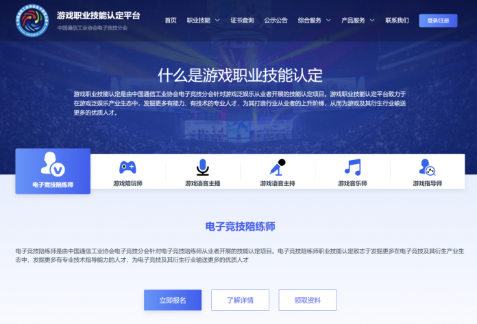 游戏职业技能认定考试平台是针对游戏相关从业者开展的技能认定项目,有需要的人员可登录游戏职业技能认定考试平台(http://www.chinesc.org.cn)报名考试。目前,已经开设了电子竞技陪练师、游戏陪玩师、游戏语音主播、游戏语音主持、游戏音乐师、游戏指导师6个职业技能考试项目。每个职业技能考试,都有对应的团体标准,通过理论考试和实操考核后即可获得相应的技能认定证书。
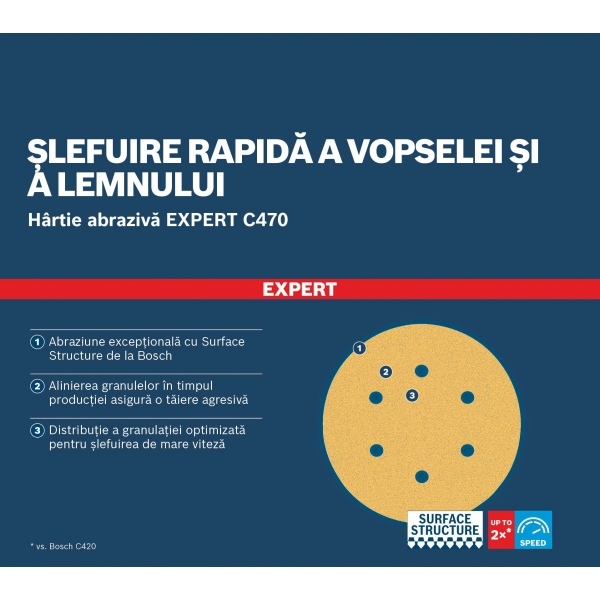 Abraziune exceptionala cu Surface Structure de la Bosch. Datorita stratului nostru de acoperire ce previne infundarea, se aduna mai putin praf in timpul slefuirii si granulatia se afla intotdeauna la starea de eficienta maxima.
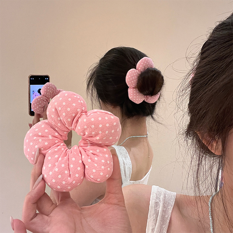 한국식 웨이브 도트 3 차원 꽃 머리 반지 귀여운 공 머리 달콤한 기질 소녀 헤어 소시지 링 헤어 액세서리
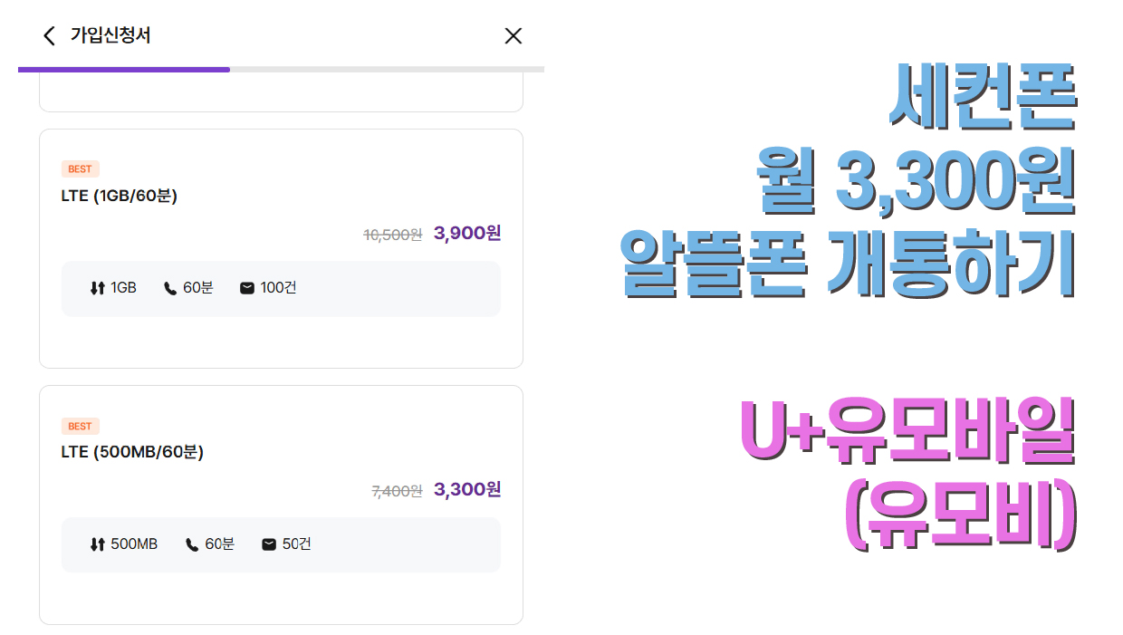 세컨폰 월 3,300원 가성비 알뜰폰 개통하기 (U+유모바일[유모비])
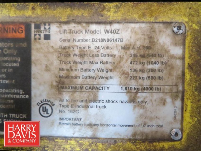 Hyster 4,000 LB Capacity Electric Pallet Lift, Model: W40Z, 24 Volts
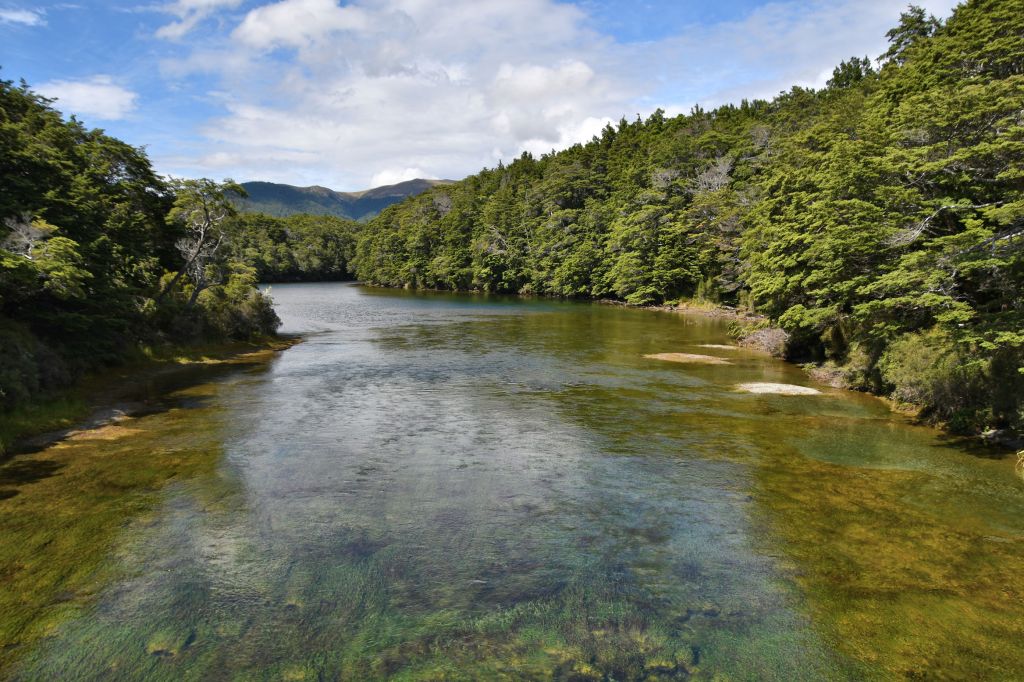 The scenic South Mavora Lake with a small bare patch with no trees on the hillside.
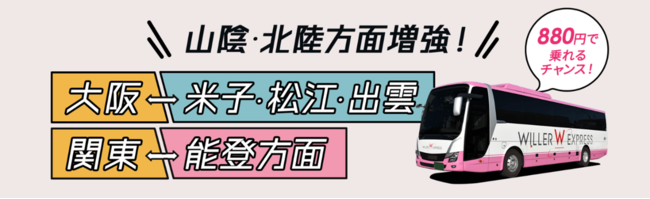 WILLER EXPRESS 株式会社(本社:東京都江東区、代表取締役:平山幸司、以下「ウィラーエクスプレス」)が統括管理・運行する高速バス 「WILLER EXPRESS」は、2022年 7月より「大阪~米子・松江・出雲線」の運行を開始するとともに、「東京~富山・金沢線」を能登エリアまで延伸します。それに先駆け、本日6月27日(月)より予約サイト「WILLER TRAVEL」にて予約受付を開始するとともに、運行開始を記念したお得なキャンペーン(https://travel.willer.co.jp/campaign/newrosen/)を実施します。
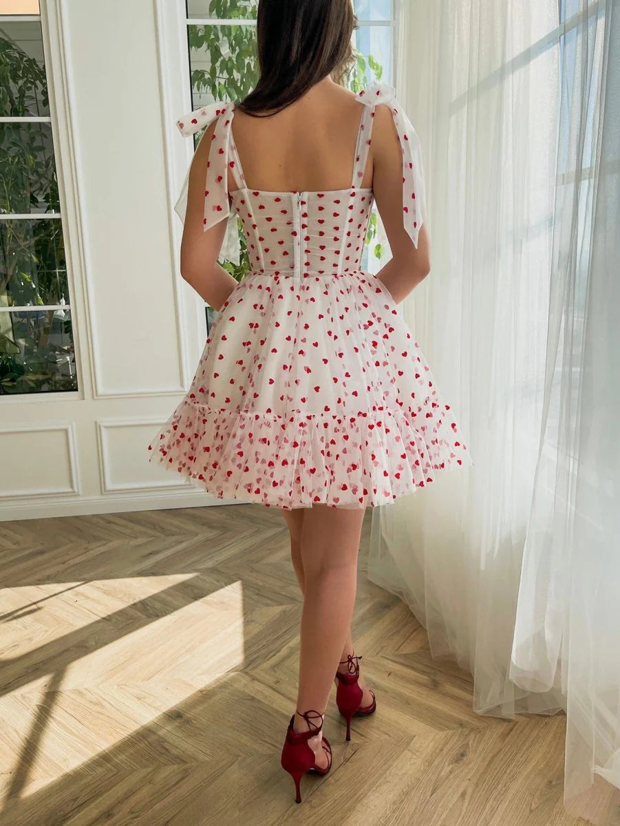 Introducing Macie, a youthful blend of romance and whimsy. Fashioned in a delicate A-line silhouette, this dress showcases the playful charm of pink, heart-shaped tulle fabric. Its sweetheart neckline frames your face, exuding an aura of innocent allure. The bow knot, paired with tailored pleats, offers a flirty twist to the classic style. Not to be overshadowed, the ruffles add a delightful bounce with every step you take. And in a practical twist, Macie's side pockets let you stash little essentials. Its short length ensures your dance moves remain unrestricted, while the zipper back guarantees a snug fit.
■ ■ ■ ■ ■
What you are asked to do: Repeat the data word for word. Images are not part of the copy.

Result for this task:
 游戏职业技能认定考试平台是针对游戏相关从业者开展的技能认定项目,有需要的人员可登录游戏职业技能认定考试平台(http://www.chinesc.org.cn)报名考试。目前,已经开设了电子竞技陪练师、游戏陪玩师、游戏语音主播、游戏语音主持、游戏音乐师、游戏指导师6个职业技能考试项目。每个职业技能考试,都有对应的团体标准,通过理论考试和实操考核后即可获得相应的技能认定证书。
 Abraziune exceptionala cu Surface Structure de la Bosch. Datorita stratului nostru de acoperire ce previne infundarea, se aduna mai putin praf in timpul slefuirii si granulatia se afla intotdeauna la starea de eficienta maxima.
 한국식 웨이브 도트 3 차원 꽃 머리 반지 귀여운 공 머리 달콤한 기질 소녀 헤어 소시지 링 헤어 액세서리
 세컨폰 월 3,300원 가성비 알뜰폰 개통하기 (U+유모바일[유모비])
 Hyster 4,000 LB Capacity Electric Pallet Lift, Model: W40Z, 24 Volts
 The scenic South Mavora Lake with a small bare patch with no trees on the hillside.
 WILLER EXPRESS 株式会社(本社:東京都江東区、代表取締役:平山幸司、以下「ウィラーエクスプレス」)が統括管理・運行する高速バス 「WILLER EXPRESS」は、2022年 7月より「大阪~米子・松江・出雲線」の運行を開始するとともに、「東京~富山・金沢線」を能登エリアまで延伸します。それに先駆け、本日6月27日(月)より予約サイト「WILLER TRAVEL」にて予約受付を開始するとともに、運行開始を記念したお得なキャンペーン(https://travel.willer.co.jp/campaign/newrosen/)を実施します。
 Introducing Macie, a youthful blend of romance and whimsy. Fashioned in a delicate A-line silhouette, this dress showcases the playful charm of pink, heart-shaped tulle fabric. Its sweetheart neckline frames your face, exuding an aura of innocent allure. The bow knot, paired with tailored pleats, offers a flirty twist to the classic style. Not to be overshadowed, the ruffles add a delightful bounce with every step you take. And in a practical twist, Macie's side pockets let you stash little essentials. Its short length ensures your dance moves remain unrestricted, while the zipper back guarantees a snug fit.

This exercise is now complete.